Welcome to the kubic-project! If you are interested in contributing to the kubic container-images repo then continue reading this document as it contains information on how the kubic container images is populated and other information that is pertinent to building kubic containers.
There are two ways to do it:
The sources for our openSUSE container images used in Kubic, can be found at the [kubic container-images repo](github: https://github.com/kubic-project/container-images). If you just want to modify an already existing image, then you don't have to do anything special. As soon as your PR gets approved and merged, then the changes are committed to the OBS. This triggering happens thanks to our internal ConcourseCI pipeline. This CI system is not meant to do any testing. It just connects Github with the appropriate devel projects in build service and triggers a new build of the images into their devel projects. If the build is green then your image gets released into the openSUSE container registry.
This is the reason why sometimes in OBS you will encounter the following commit message posted by our ConcourseCI: "Containers Team (containersteam) committed 27 days ago (revision 11) - Updated from concourse CI"
NOTE: For the people who are not connected within SUSE RnD network, you cannot have access to ConcourseCI -- actually you don't have to. All you need to know is that as soon as you commit something in this repository, then OBS will be triggered.
To get a new image accepted into our openSUSE container registry, it is required that all the RPM packages related to that container image, to be present in openSUSE Factory project. For example, for building the kubic-dex image, first we had to build the caasp-dex RPM package that provides the binary that is used as a part of the entrypoint for this image. As soon as you modify a package that is included in the .kiwi definition of a container image, then it will automatically schedule a new build. In other words, if you ever modify the RPM pkg that is related to an image, then OBS will automatically trigger a new rebuild of your image and if it's green it will publish it to the registry.
In case you would like to build a new container image that does not exist yet in our registry, you should get it accepted and merged in [kubic container-images repo](github: https://github.com/kubic-project/container-images). Then you have to manually create a SubmitRequest to the appropriate devel project in OBS. To highlight this for the reviewer, a proposed label for this should be new_image. Finally to get any new commits for that image also committed to OBS it is needed to create a new ConcourseCI job to take care of that; please ask repository maintainers to handle that.
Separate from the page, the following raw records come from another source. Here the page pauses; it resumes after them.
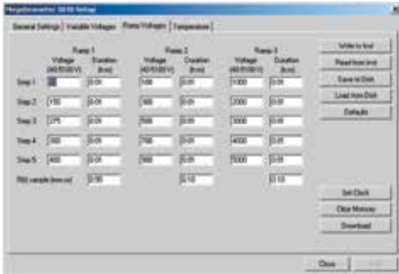
Model 5070 includes Ramp Function which allows programming of three different ramp test profiles, each containing up to five voltage steps between 40 and 5100V and time per step of up to 10 hours.
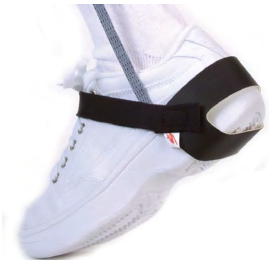
Elastic Hook and Loop Strap for Comfort and Visibility
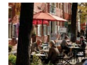
In the Dutch Quarter (44)
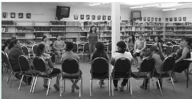
A Clínicas de Salud del Pueblo staff member leads a discussion about teen pregnancy with local parents as part of the Hablando Claro program.

Clínicas credits the success of the program to, 1) the involvement of a Community Leaders Group or advisory council, comprised of teens, local adults, and promotoras ,
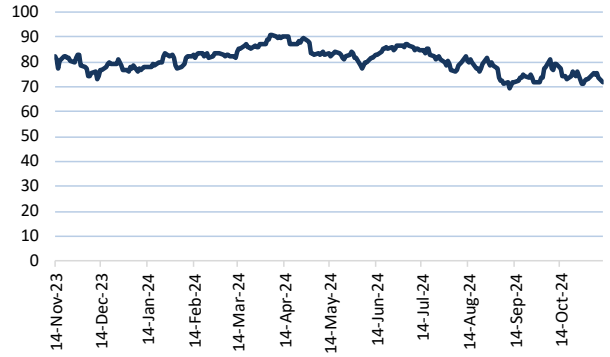
Oil: Generic 1st Crude Oil, Brent (USD/Barel)
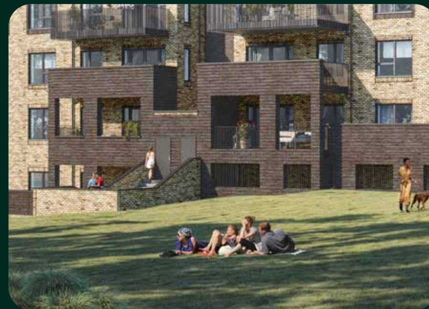
On-site Village Green
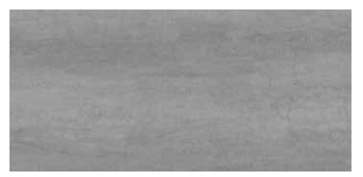
I Naturali ▶ Pietra di Savoia Grigia 5.6 L4552
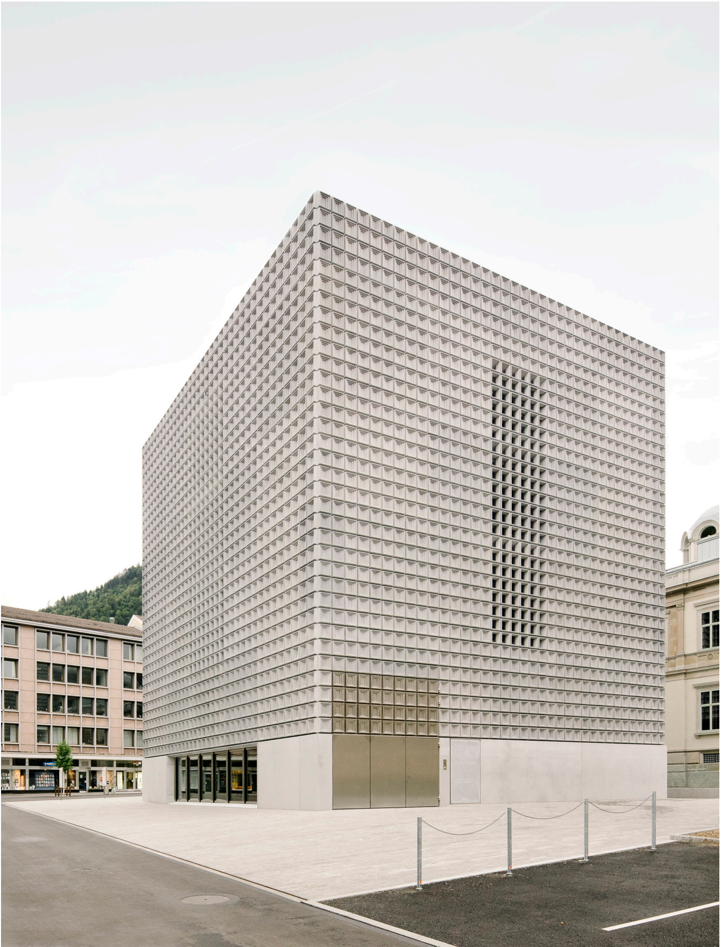
Bündner Kunstmuseum Chur, Switzerland 2012–2016
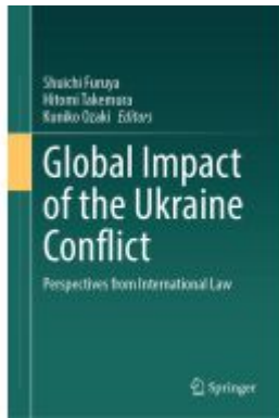
Global Impact of the Ukraine Conflict Ladenpreis: 164,99EUR
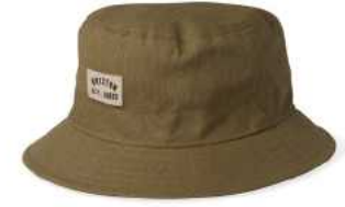
SAND SOL WASH 11619-SNDSW
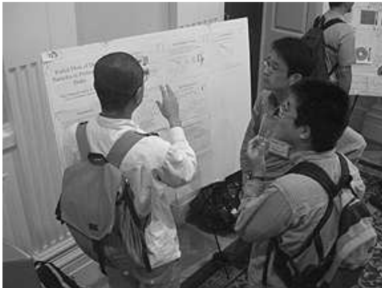
Discussing the Posters
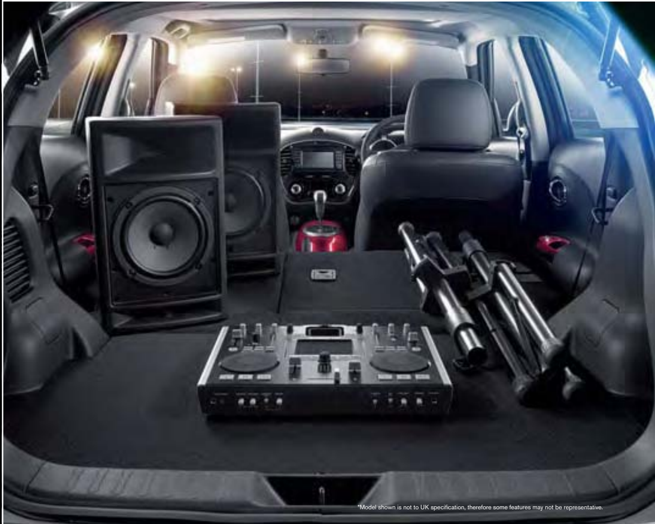
*Model shown is not to UK specification, therefore some features may not be representative.
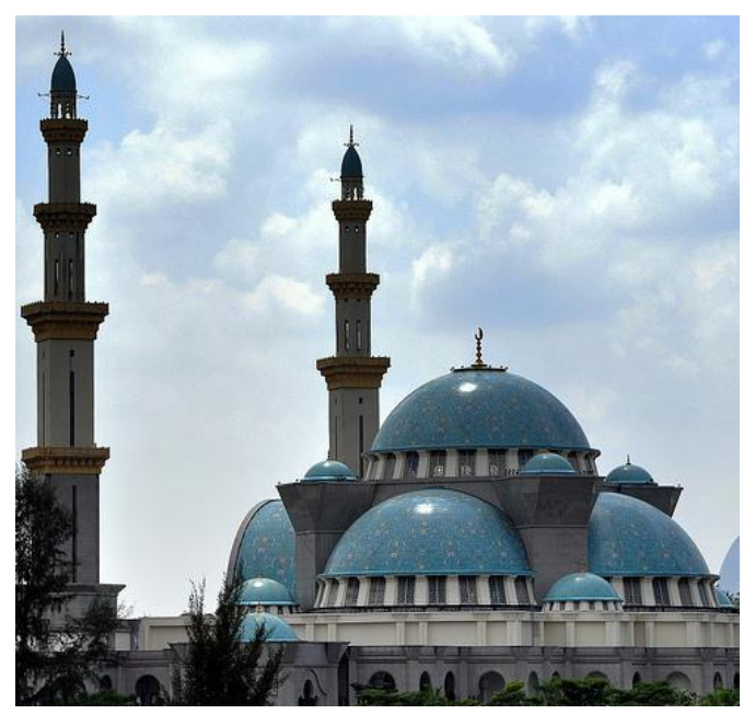
Figure 4 Masjid Wilayah, KL, Malaysia

Mahal of Agra (India), and Egyptian and Moroccan features, alongside native traditional elements (Figure 4).

Nowhere in this process there is any testing automation. Hopefully, since you are building and modifying these images, you should be able to test your own changes by running some local tests. To do that, you can build your container image locally using kiwi image building system. To do that you have to perform a checkout of the image you want from OBS. Then inside that project/branch you have, you can just modify the .kiwi.ini file accordingly. Then calling ./pre_checking.sh script will regenerate the kiwi description file for kubic. Once regenerated calling a osc build container from the image folder will trigger a local build.
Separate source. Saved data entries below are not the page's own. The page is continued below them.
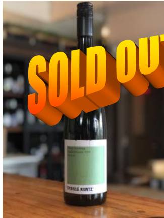
2014 Riesling Qualitätswein, Sybille Kuntz 45 MOSEL, GERMANY (RIESLING) It's the last bottle of the 2014...tastes good...buy it
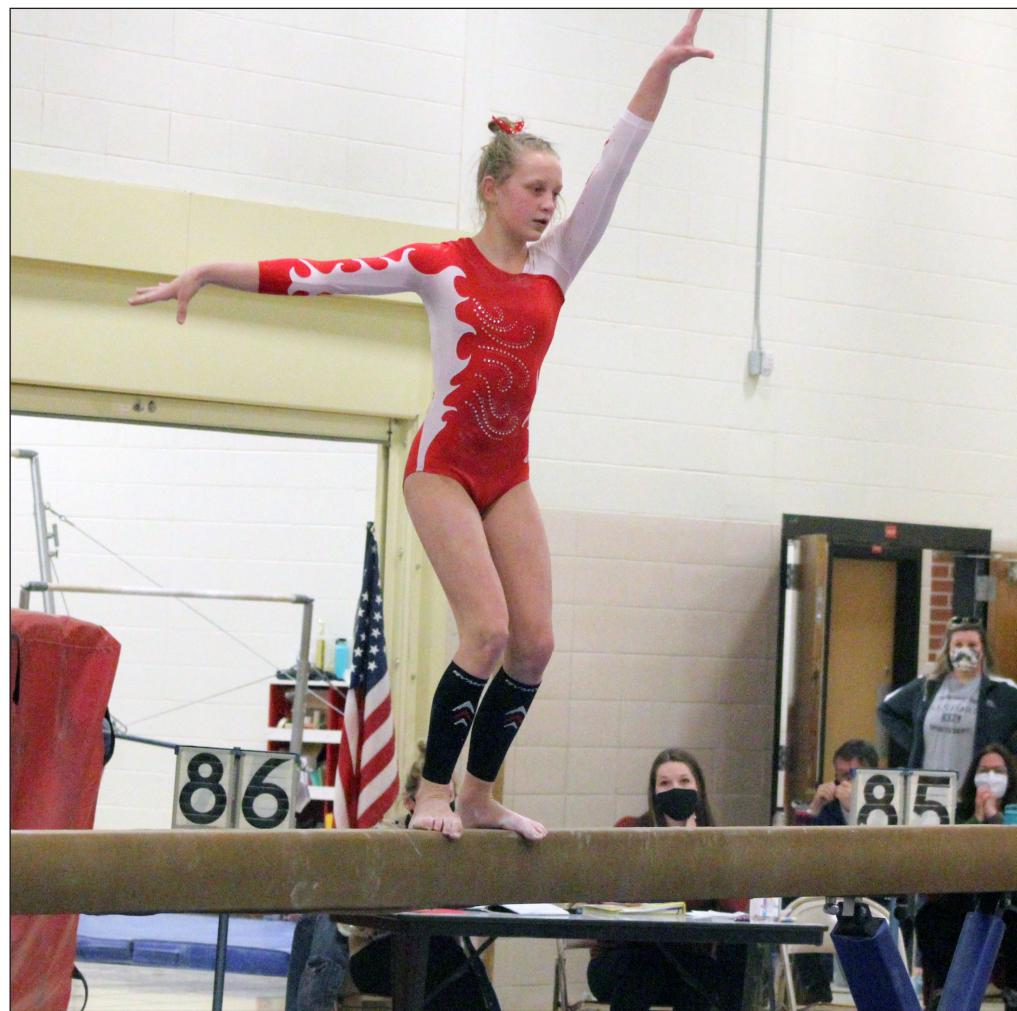
Gymnastics
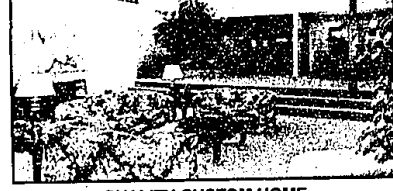
QUALITY CUSTOM HOME Dramatic entry to great room with vaulted ceiling and magnificent view of beautifully treed grounds with spring fed pond. Open floor plan for family living or entertaining asse. $895,000 BEA 475
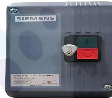
DOL Agriculture Strater
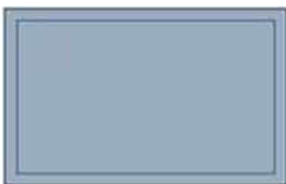
Third Canadian Division Formation Patch

Your Committee recommends that Council authorize the granting of a permit to l'Institut de Notre Dame du Bon Conseil, to occupy their property at 4287 Western Avenue as a social and educational centre.
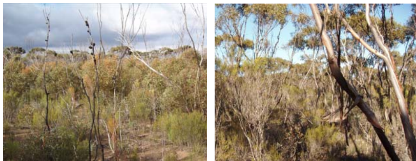
A recently burnt (left: 6 years post-fire) and long unburnt (right: >40 years post-fire) example of the mallee (above) and mallee-heath (below) vegetation communities

As soon as you have cloned/checked-out the code from OBS to your local dis, then it's time to build the container image. But before doing that it would be wise to be informed first about an existing a bug in the osc tool that does not trigger correctly the replace_using_package_version service. This is an OBS service that ensures that the image we are building has the same tag with the value of the OBS package version that provides. To understand this better, let's look for example at the kubic-caasp-dex-image.
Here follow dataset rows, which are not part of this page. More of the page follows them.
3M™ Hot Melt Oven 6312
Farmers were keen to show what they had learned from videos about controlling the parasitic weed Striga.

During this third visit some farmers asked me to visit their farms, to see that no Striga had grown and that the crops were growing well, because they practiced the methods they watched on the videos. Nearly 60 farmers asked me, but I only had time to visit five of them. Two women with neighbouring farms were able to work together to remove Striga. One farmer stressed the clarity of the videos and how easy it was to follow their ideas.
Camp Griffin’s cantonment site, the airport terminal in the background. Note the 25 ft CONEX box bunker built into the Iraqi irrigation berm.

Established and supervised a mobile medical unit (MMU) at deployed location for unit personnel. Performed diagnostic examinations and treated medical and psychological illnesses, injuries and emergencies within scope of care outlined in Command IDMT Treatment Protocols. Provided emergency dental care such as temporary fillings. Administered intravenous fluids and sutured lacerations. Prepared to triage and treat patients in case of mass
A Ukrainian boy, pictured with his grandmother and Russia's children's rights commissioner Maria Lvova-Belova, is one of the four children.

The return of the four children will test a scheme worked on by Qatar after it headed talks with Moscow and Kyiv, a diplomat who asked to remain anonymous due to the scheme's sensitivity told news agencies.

_service # Synchronisation between the tag of the container image with the RPG pkg version and the source in kubic-project/container-images repo
kubic-caasp-dex-image.changes # Autogenerated on ConcourseCI, do not create it manually
kubic-caasp-dex-image.kiwi # Autogenerated. Intended for OBS usage (openSUSE Kubic)
caasp-dex-image.kiwi.ini # Template file from which the above .kiwi files are generated
pre_checkin.sh # Script to generate *kiwi filesIf you are curious enough, you can read the kubic-caasp-dex-image.kiwi file. You need to pay attention to the name="kubic-caasp-dex"> -- this gets generated from the template, parsing the PRODUCT placeholder and it refers to the name of the package within OBS (as artifact of the devel project -- it should not be confused with the RPM package in any case). For those who are not familiar with kiwi image definitions, the kiwi file is similar to the spec file for RPM, or Dockerfile for docker containers. They are instructions on how to build/bake a container image through OBS. This duplication of kiwi files you see there, happens because the ConcourseCI is using copypack. Copypac is a pure plain copy from one project to another, taking all the sources (as they are) to another project. It doesn't create any link or anything like that. However, SUSE maintainers should not forget that copypac is not happening by default, but only if the image already exists in SLE (IBS). This way the automation is only responsible of tracking updates, but not creating new OBS packages, the very first copypac to SLE needs to be done manually.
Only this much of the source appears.